Work to complete - With the images removed, transcribe the listing that follows exactly.

Exercise data -
━━━━━━━━━━━━━━━━━━━━

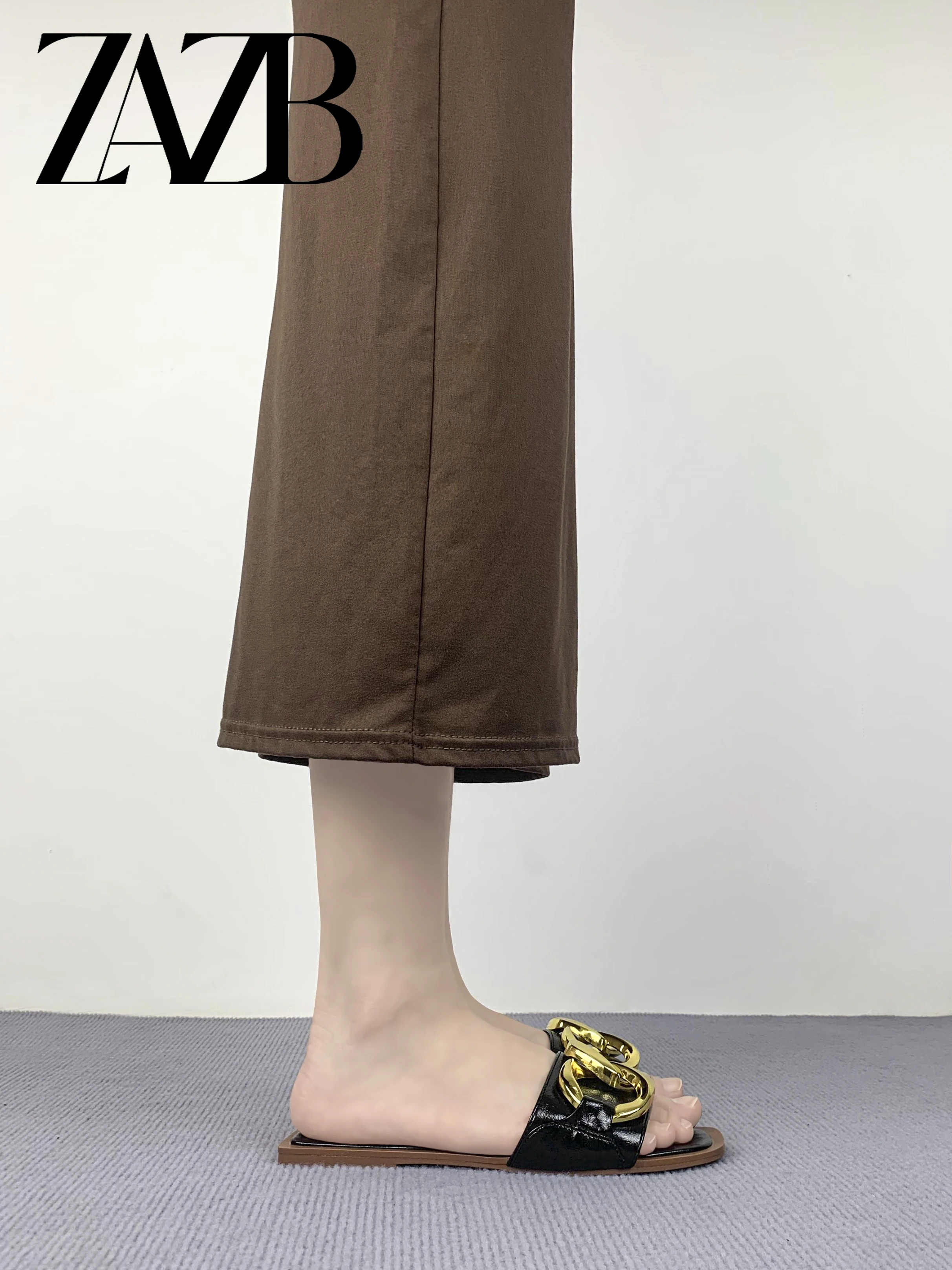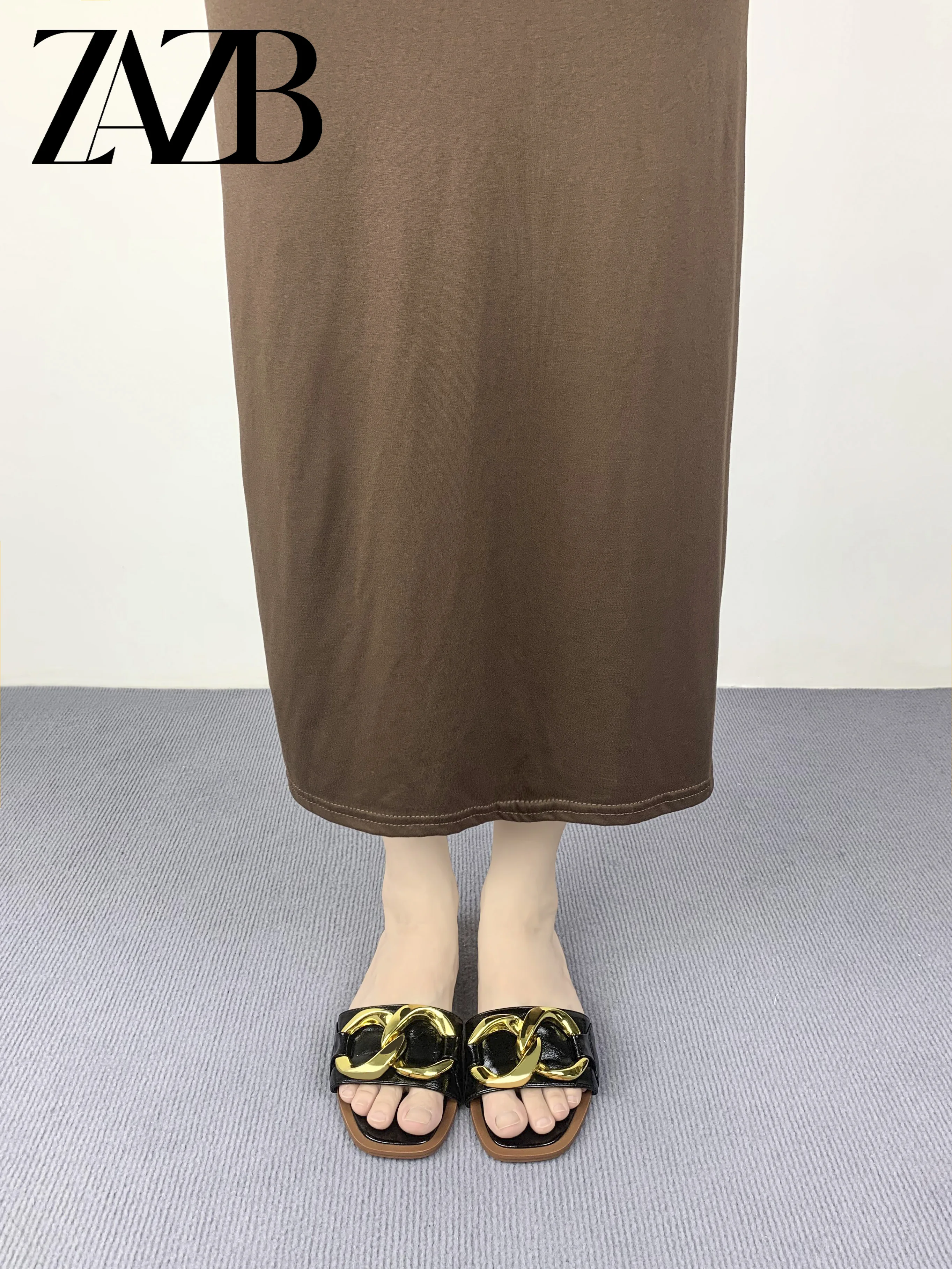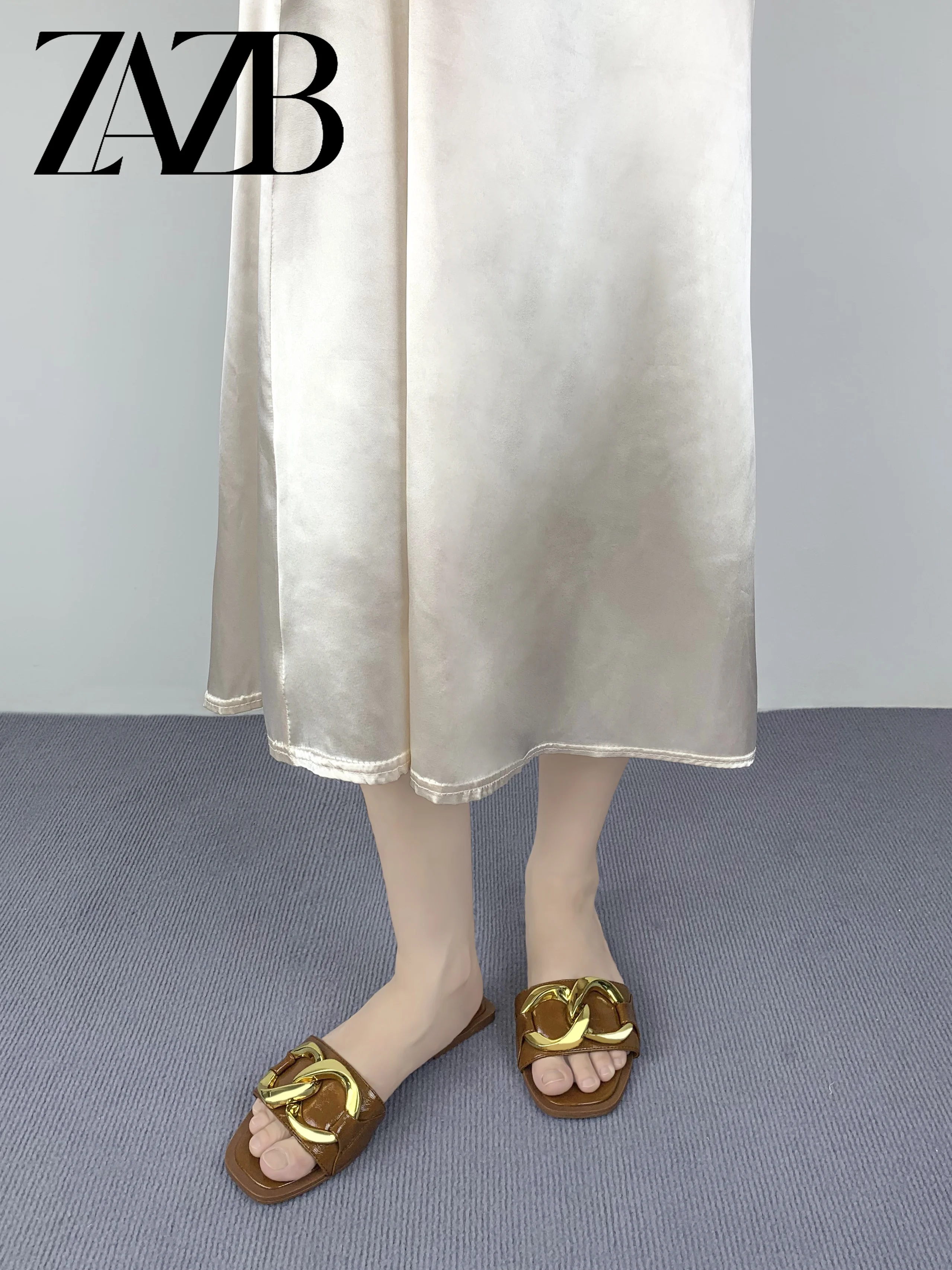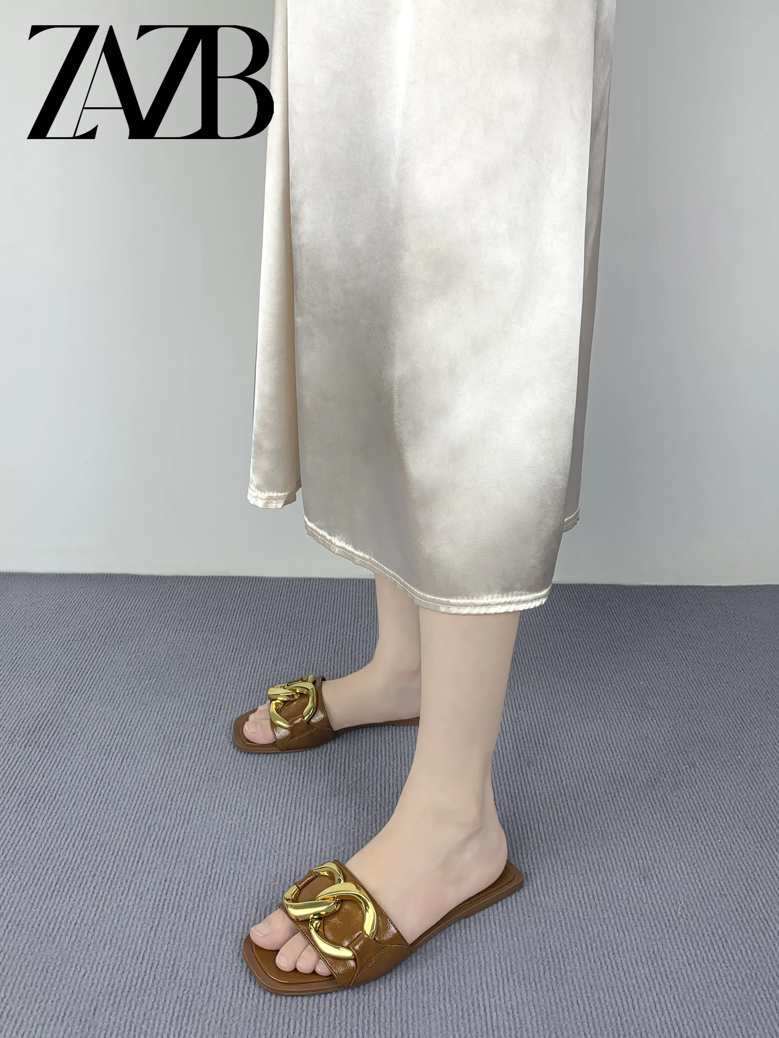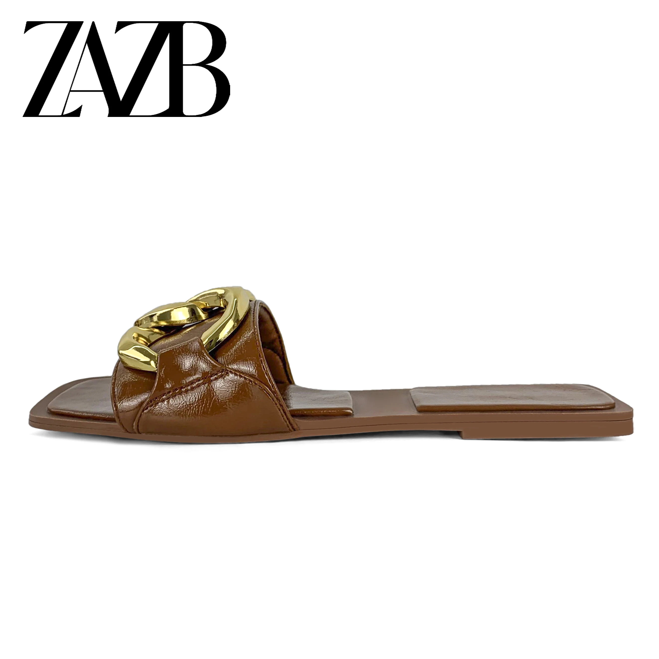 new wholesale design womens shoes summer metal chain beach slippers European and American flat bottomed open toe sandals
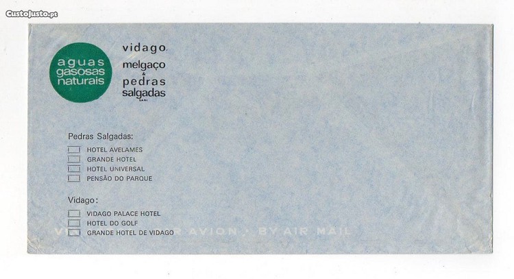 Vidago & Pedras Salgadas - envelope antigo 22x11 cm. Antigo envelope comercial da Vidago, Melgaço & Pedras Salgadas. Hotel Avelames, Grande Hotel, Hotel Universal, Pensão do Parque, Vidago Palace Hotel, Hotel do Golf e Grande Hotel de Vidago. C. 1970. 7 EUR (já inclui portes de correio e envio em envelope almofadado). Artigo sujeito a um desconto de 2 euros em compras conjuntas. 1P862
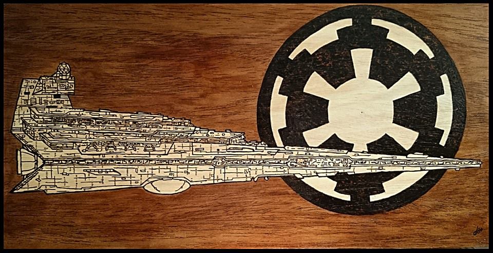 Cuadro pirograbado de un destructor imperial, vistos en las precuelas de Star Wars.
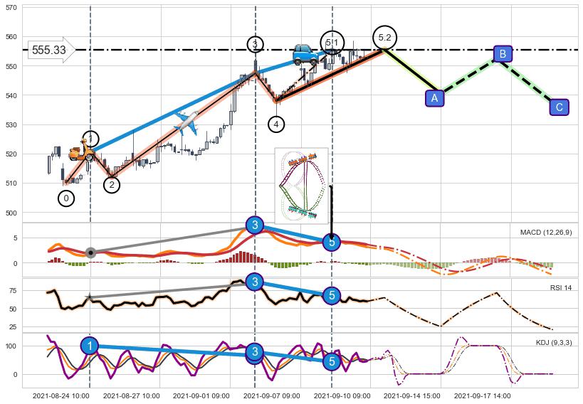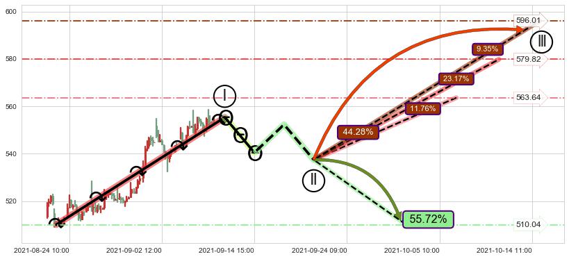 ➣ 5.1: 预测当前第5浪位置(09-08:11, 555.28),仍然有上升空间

━━━━━━━━━━━━━━━━━━━━

Output for this task -
 new wholesale design womens shoes summer metal chain beach slippers European and American flat bottomed open toe sandals
 Vidago & Pedras Salgadas - envelope antigo 22x11 cm. Antigo envelope comercial da Vidago, Melgaço & Pedras Salgadas. Hotel Avelames, Grande Hotel, Hotel Universal, Pensão do Parque, Vidago Palace Hotel, Hotel do Golf e Grande Hotel de Vidago. C. 1970. 7 EUR (já inclui portes de correio e envio em envelope almofadado). Artigo sujeito a um desconto de 2 euros em compras conjuntas. 1P862
 Cuadro pirograbado de un destructor imperial, vistos en las precuelas de Star Wars.
 ➣ 5.1: 预测当前第5浪位置(09-08:11, 555.28),仍然有上升空间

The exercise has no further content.